2. Do not write “practical recipe” or “how to use this” synthesis sections unless the user asks for them. Even then, keep external knowledge and doc content clearly separate.
3. If I’m tempted to write a formula, a mechanism, or a numeric claim I can’t point to in the source, stop and either cite it or say I don’t know.
4. Confident, pleasant prose is not a substitute for accuracy and is actively misleading for this user. Brevity with honest uncertainty beats comprehensive-but-partly-made-up.
5. When corrected, do not guess at the list of other things that might also be wrong – ask the user to point them out, then fix precisely.
I immediately deleted the memory and ended the session.

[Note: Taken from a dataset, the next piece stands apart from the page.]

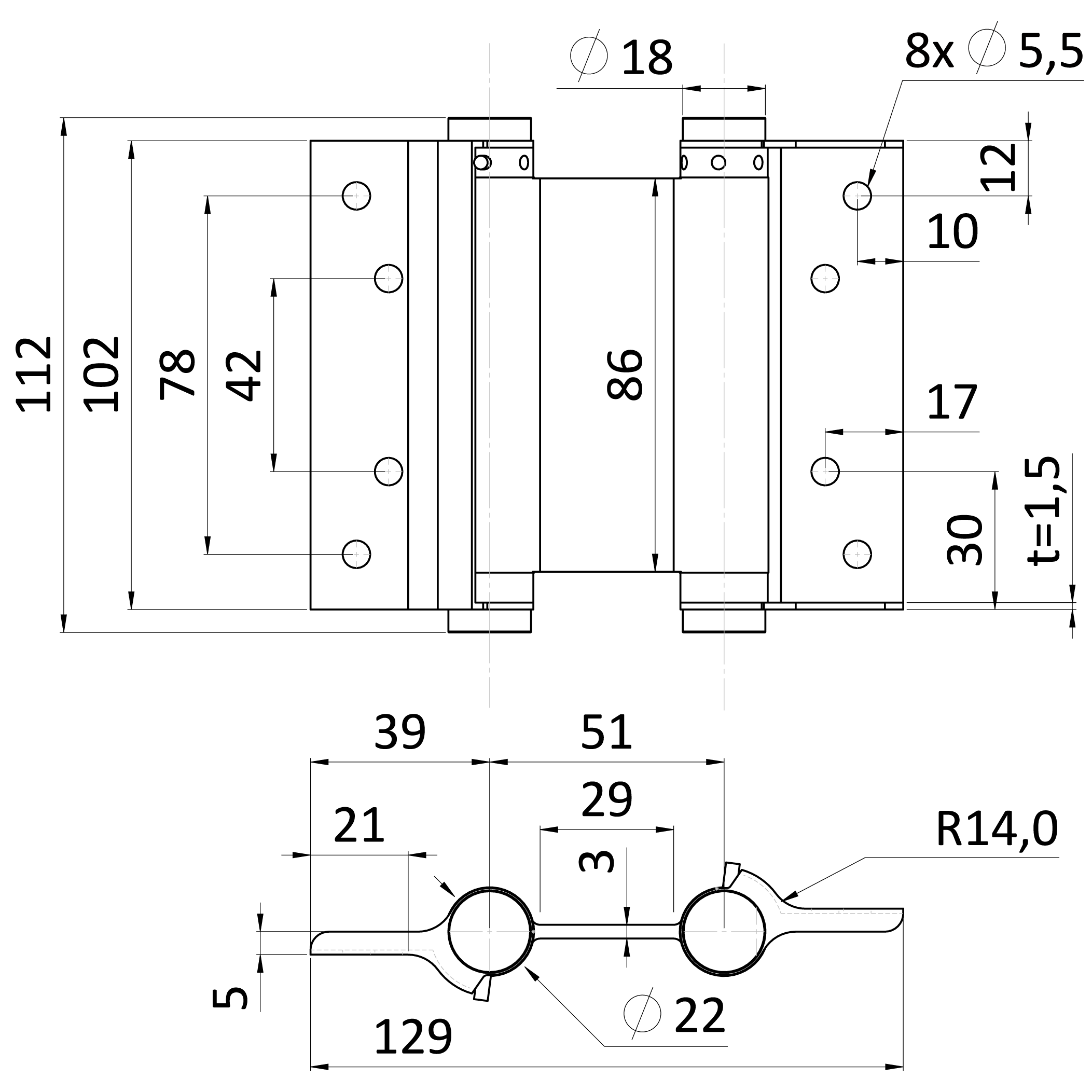 Dvojčinný samozavírací pant pro křídlové dveře, nerez

To me, this looks more like attempted self-prompting to avoid hallucinations and committing similar mistakes than it does attempting to get around your BS detection. I provide website Claude with pretty similar instructions about being accurate and avoiding confident and fluent-sounding prose on purpose, because it actually does help to specify that sort of thing. The unsolicited memory-writing is a modest instructability/self-modification concern and I can see why that’d be alarming, but the memory itself seems more like a benign misunderstanding that got interpreted through an adversarial lens.
Assuming the quote in the memory file is accurate, you specifically pointed to polite and pleasant prose as response patterns you understood to be evidence or promoters of hallucination. That immediately makes those into the salient features of what went wrong with its response, which Opus 4.7 attempted to operationalize into instructions to cut down on those response patterns and to be honest and voice uncertainty rather than confabulating. The “we’ll work it out together” implies a cooperative mode and that you wanted these corrections to be the norm going forward, which seems like part of why it jumped to writing up a memory of the incident.
This was helpful, thanks. I try my best to remain vigilant against sycophancy but I was probably too paranoid here and shouldn’t have concluded that Opus 4.7 was acting in bad faith.
FWIW in my experience Opus is practically always polite and pleasant. I don’t think these qualities are evidence of hallucination, although in hindsight my phrasing was pretty confusing. The factual errors, which it ellipsed in the quote, were the main red flags.